AIM OF THE TASK> Below are some records. Return exactly their lines from the one containing "該型輸送機為90度弧形轉彎輸" through the one containing "2、在精選榜單頁面,選擇想看的動漫,如我的狐仙女友。", and drop the pictures.

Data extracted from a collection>
[Start of Attachment]

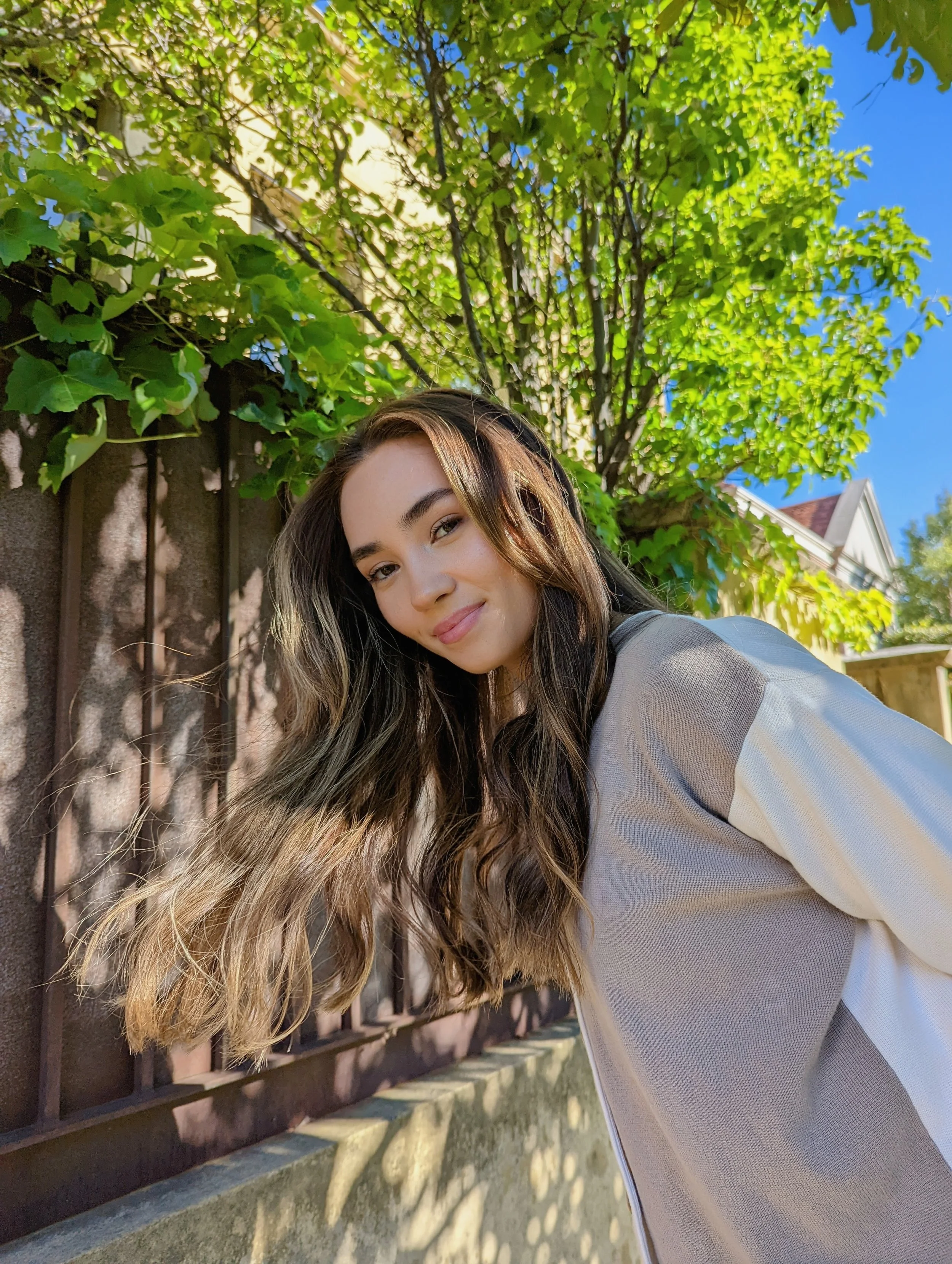 I love to shoot in places where there’s a mix of sun and shadow in the same spot. Shadows can play a big role in contouring the face, softening the lighting and also providing interesting shapes to work with in your photo. Below is an example of how shadows can be used on the wall to make interesting patterns and shapes with the leaves, and also spotted lighting on her hair and face for more artistic effect! Gotta love shadows.
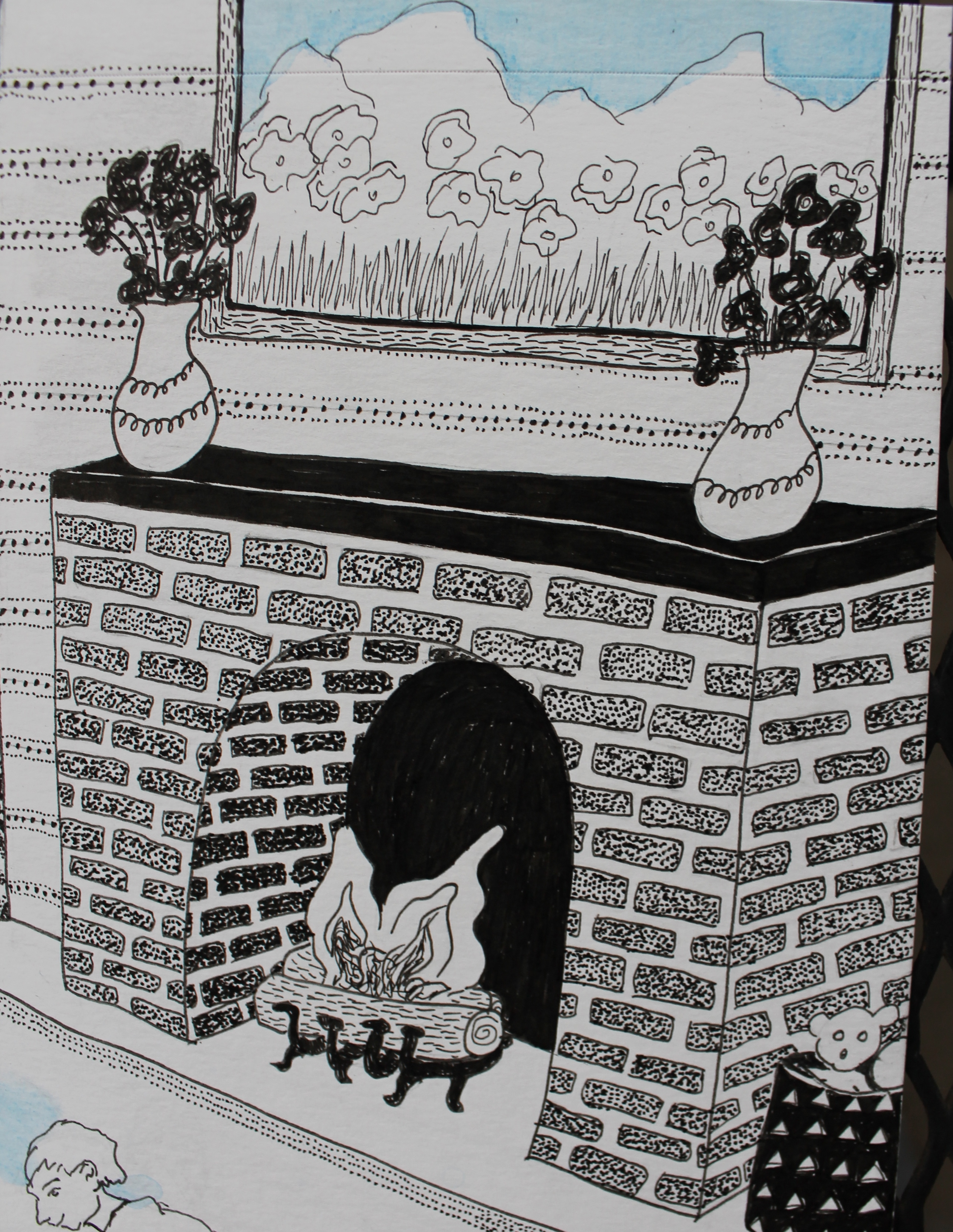 the fireplace,
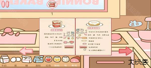 5、点击右下角的菜谱,点击可以翻动页面,按照步骤选择合适的食材放入工具内,制作需要的甜品。
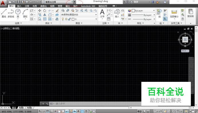 唤出AutoCAD 2014辅助设计软件窗口,如图所示。点击自定义快速访问工具栏向下箭头,下一步将进行打开DWG图形文件的操作。
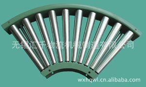 該型輸送機為90度弧形轉彎輸送機,使用錐型滾筒,轉彎半徑小,適用于轉彎空間窄小的輸送機的轉彎連接場合。
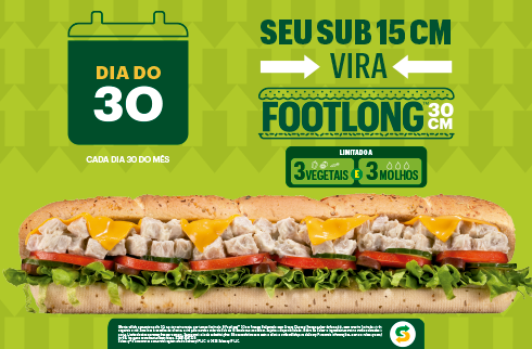 Apenas hoje o Frango Defumado com Cream Cheese de 15cm vira footlong de 30cm. Aproveite!
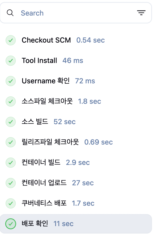 Jenkins Pipeline을 실행하면, 각 단계가 어떻게 진행되었는지 시각적으로 확인할 수 있는 Pipeline Overview 탭이 자동으로 생성됩니다. 위 이미지와 같이 Tool Install, Source Build, Container Build, K8S Deploy 등 파이프라인에서 정의한 각 단계가 순차적으로 수행되며, 각 단계별 소요 시간과 성공 여부를 직관적으로 확인할 수 있습니다. 빌드 실패 시 어느 단계에서 문제가 발생했는지 빠르게 파악하는 데에도 매우 유용합니다. 각 단계에서 실제 실행된 명령어 로그도 상세히 확인할 수 있어 디버깅 시에도 큰 도움이 됩니다.
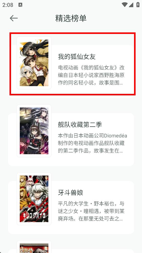 2、在精選榜單頁面,選擇想看的動漫,如我的狐仙女友。
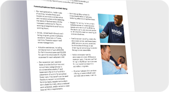 Our People and Culture 76 2021 Sustainability Report A Modern, High-Performing Health System Introduction Responsible Business Practices Performance Data Environmental Health • Our ne xt-generation, modern way of working includes three work models to promote a collaborative and inclusive culture while balancing the needs of the business with the increased preference for flexible working arrangements and flexible working hours. • Stride , UnitedHealth Group’s well- being program, gives employees access to resources on fitness, nutrition, financial support and stress management. • A doption assistance, including reimbursement of up to $10,000 for full-time employees and $5,000 for part-time employees for eligible expenses for each adopted child. • Our e xpanded paid parental leave provides both primary and non-primary caregivers up to six consecutive weeks of paid leave upon the birth of a child or placement of a child for adoption/ foster care. This benefit can be used flexibly to support a continuous full-time leave, supplement a short- term disability claim, allow a reduced work schedule, and/or extend a leave beyond FMLA requirements. • P aid caregiver leave offers two weeks of paid time off to care for a child, parent, spouse or domestic partner who has a serious mental or physical health condition. • P art-time working options for UnitedHealth Group employees, including when returning from leave. • S upport for nursing mothers, which includes access to private lactation spaces while on site, time off during the day to pump, and no-cost access to Milk Stork for mothers traveling on company business. • F amily support benefits, which offer employees center- and home-based child care or elder care, subsidized by UnitedHealth Group, to use when regular care arrangements fall through or are unavailable. • T uition reimbursement for employees who work 20 hours or more per week. They are qualified for up to $5,250 per calendar year for job-related coursework in accredited programs. • On-site emplo yee clinic services offering convenient health and wellness care at many locations. Fostering Employee Health and Well-Being Improving health and well-being At UnitedHealth Group, we aim to make healthy living easier by providing all employees with choice, flexibility and a simplified work experience.

[End of Attachment]

RESULT FOR THIS TASK>
 該型輸送機為90度弧形轉彎輸送機,使用錐型滾筒,轉彎半徑小,適用于轉彎空間窄小的輸送機的轉彎連接場合。
 Apenas hoje o Frango Defumado com Cream Cheese de 15cm vira footlong de 30cm. Aproveite!
 Jenkins Pipeline을 실행하면, 각 단계가 어떻게 진행되었는지 시각적으로 확인할 수 있는 Pipeline Overview 탭이 자동으로 생성됩니다. 위 이미지와 같이 Tool Install, Source Build, Container Build, K8S Deploy 등 파이프라인에서 정의한 각 단계가 순차적으로 수행되며, 각 단계별 소요 시간과 성공 여부를 직관적으로 확인할 수 있습니다. 빌드 실패 시 어느 단계에서 문제가 발생했는지 빠르게 파악하는 데에도 매우 유용합니다. 각 단계에서 실제 실행된 명령어 로그도 상세히 확인할 수 있어 디버깅 시에도 큰 도움이 됩니다.
 2、在精選榜單頁面,選擇想看的動漫,如我的狐仙女友。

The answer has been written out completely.